The frustrations that boiled up into the riots of 1964 were those of a classical colonial situation-colonial not just in the objective American treatment of Panama but in the subjective failure of many Americans to perceive that the situation was and is of that character. The Canal Zone cuts Panama in half. The U.S. Army entirely runs the Zone: canal, civilian administration, defense. Even for Panamanians, only American law holds in the Zone. Over the years, despite Hay-Bunau Varilla language limiting the American military role to caring for the "safety and protection of the Canal," the Army had pyramided a structure of facilities and missions centering on hemispheric defense. It would not lease back unused Zone lands and waters needed for Panama's own fast-growing population. Improvements in economic benefits came only slowly and inadequately in the eyes of Panamanians. They could daily see and feel the grating contrast between the high subsidized standard of living and suburban life-style of the 40,000 American Zonians (5,000 civilian Zone employees and 10,000 military personnel, plus dependents), and the much lower income levels of their own 1.6 million. Coloring the overall Panamanian perception was the awareness that the 1903 treaty, by granting the United States rights "in perpetuity," not only established Panama's humiliation but perpetuated it, balking relief and change. In 1964 the tinder caught. Panamanian students sought to fly their country's flag at a high school in the Zone, as the United States government had conceded Panamanians could do. But some American students resisted. The ensuing explosion left 21 Panamanians and three Americans dead.

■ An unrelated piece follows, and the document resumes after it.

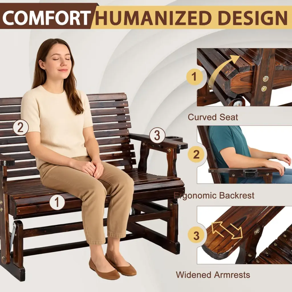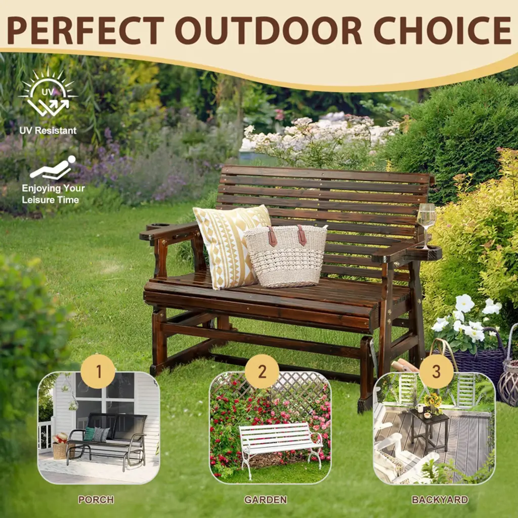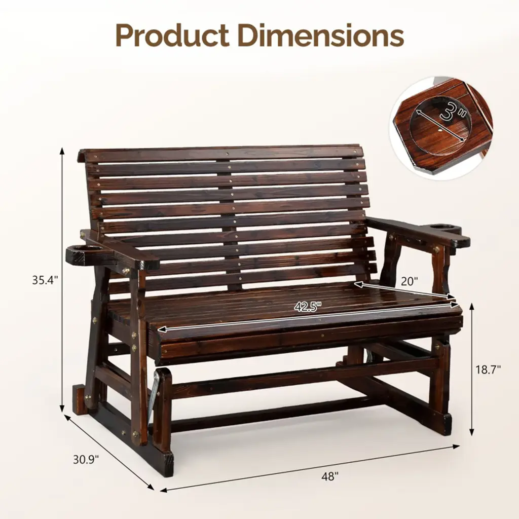 Karl Home | 48 In. Solid Wood Patio Glider Bench With Cup Holder

President Johnson responded, when the dust had settled, by opening negotiations on a new treaty. But it was never clear whether the two governments intended to achieve an agreement or, by settling into a posture of negotiation, soften pressures to achieve one. At least until recently, this ambivalence of purpose, the result of a lack of self-confidence on the Panamanian side and a surfeit of insensitivity on the American side, has been the distinctive quality of Canal negotiations. In any event, the Johnson-period negotiations got nowhere.

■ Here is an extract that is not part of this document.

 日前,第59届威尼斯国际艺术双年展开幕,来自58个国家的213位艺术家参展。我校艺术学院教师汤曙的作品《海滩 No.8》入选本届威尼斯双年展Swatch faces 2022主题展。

In the year of the riots, Richard Nixon had said that the United States should negotiate "the little irritating things" but there should be "no give" on control: "If the United States retreats one inch in this respect, we will have raised serious doubts about our bases throughout the world." Once he was in the White House, the Canal fell victim to the relative inattention Washington paid to Latin America and to Third World areas and issues not thought critical to the global balance of power. Nixon reviewed the Johnson negotiating position and concluded that national security required sticking to a tough position; any new treaty should let Washington retain control for up to 80 more years, including the period in which the United States could exercise an option to build a sea-level canal or another, third set of locks. The Panamanians, one notes, regard extension of American jurisdiction beyond the 1903 treaty's centennial as unthinkable.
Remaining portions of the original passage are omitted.